Attention to reform, not stats
5 July 1996
9 June 2003
17 November 1998
9 September 2003
20 December 2005
29 April 1997
JUDGES tend to be either inordinately proud of the role of judicial review in reining in the executive, or acutely conscious of the confines of the remedy.
My experience is that it depends on whether you catch them in administrative law conferences or court. More cynical observers might add that it also turns on the type of case under review. Lord Woolf is widely respected as a law lord of great learning and no little humanity. It was therefore disappointing to hear him say at a legal conference that there are some very important issues waiting to be resolved by way of review proceedings because of the large numbers of immigration and homelessness cases clogging up the system.
It is not difficult to understand judicial affection for the remedy. Judicial review gives great scope for judges to find in line with their sympathies. If absolute power corrupts absolutely, then extensive power is at least congenial. In the area of rights the scope for judicial control is enhanced by the absence of any core yardstick such as might be provided by incorporation of the European Convention of Human Rights.
However it is not only the Government's failures which are marked by its long line of defeats before the European Court of Human Rights. Lord Woolf again in conference mode some years ago, suggested that there was no need to incorporate the convention because fundamental human rights were latent in the common law and simply awaited judicial discovery. If this is so, there has been a notable absence of prospectors.
Mr Justice Sedley was a voice destined to remain in the wilderness when he observed, in an unreported 1994 case, that it was "unreal and potentially unjust" to develop English public law without reference to the European Convention.
Too often in particular areas of law judges appear to share a world vision with the executive. This may be seen starkly in the removal of political activists on undisclosed national security grounds. Lord Denning's ringing claim that in some parts of the world national security has been used to infringe individual liberty "but not in England" must have had a cracked tone even in pre-Scott days.
The Government may not regard judicial review as warmly as does the judiciary, but it shares the same conflicting perceptions of the remedy's scope. For government lawyers in the domestic courts, judicial review is merely a supervisory remedy on points of law. On the other hand those same lawyers argue in the European Court that review is a subtle domestic remedy effective to catch Human Rights Convention breaches.

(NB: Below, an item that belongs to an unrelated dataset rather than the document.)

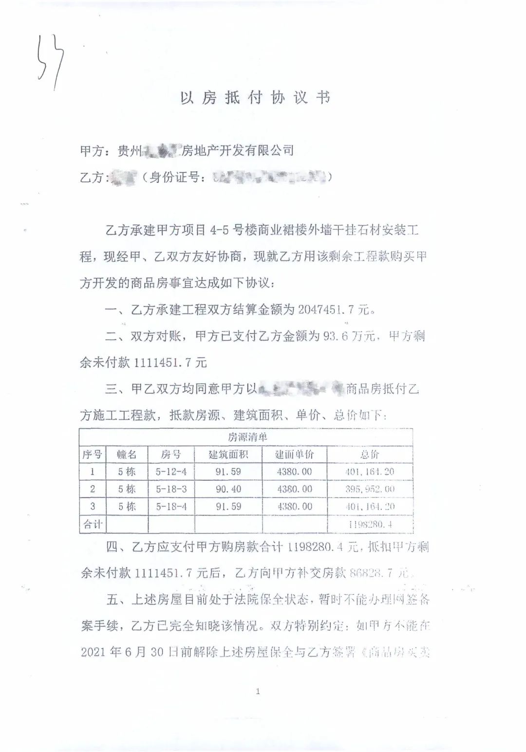 李某与贵州某房地产公司签订《合同》,约定贵州某房地产公司将其位于铜仁市万山区某建设项目的楼外墙干挂石材安装工程以包工包料的方式承包给李某施工。合同签订后,李某按照约定进场施工并完成了案涉工程。后经双方结算,贵州某房地产公司在支付李某部分工程款后,尚欠100余万工程款。经双方协议,贵州某房地产公司用案涉工程处的商品房屋抵扣所欠工程款,并签订了《以房抵付协议书》,协议书对抵扣工程款的的金额、抵扣的房源、房号及商品房单价等作了明确约定。因约定抵扣的房源处于法院保全状态,暂不能办理网签备案手续,双方还在《以房抵付协议书》中约定,如抵扣的房源在2021年6月30 日前不能解除保全状态,将用公司其他商品房抵付给原告。《以房抵付协议书》签订后,贵州某房地产公司曾通知李某签订《商品房买卖合同》未果。之后,李某以贵州某房地产公司未按照合同约定将案涉商品房用于抵付工程款,也未向其支付工程款为由,向万山法院提起诉讼,请求判令贵州某房地产公司支付100余万元工程款及逾期付款利息。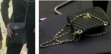Black hangbag with a golden chain with passeport, ID, keys, I-phone, red/orange wallet and several hundred dollars inside

Whether or not for this affinity of sentiment between the Government and the bench, the practice of review in immigration cases has changed out of all recognition in recent years. Formidable timetables are imposed by the Home Office (48 hours to secure leave in some cases) without any apparent demur by the courts. The Home Office is routinely represented in fully contested ex parte applications for leave. Most cases are conceded if leave is granted. One experienced junior commented to me ruefully that he regarded it as a mark of his success that his cases rarely came to full hearing anymore. The result is a dearth of case-law beneficial to applicants, and close Home Office control of what cases (and on what facts) are finally determined.
Ultimately judicial review itself is not to be assessed by its potential but by its results and the remedy will follow the sympathies of those who control it. I recall a refugee case some years ago when a judge leaned across the bench to demand of my counsel: "Will this take long Mr Davies, only I've a sensitive company merger application to deal with."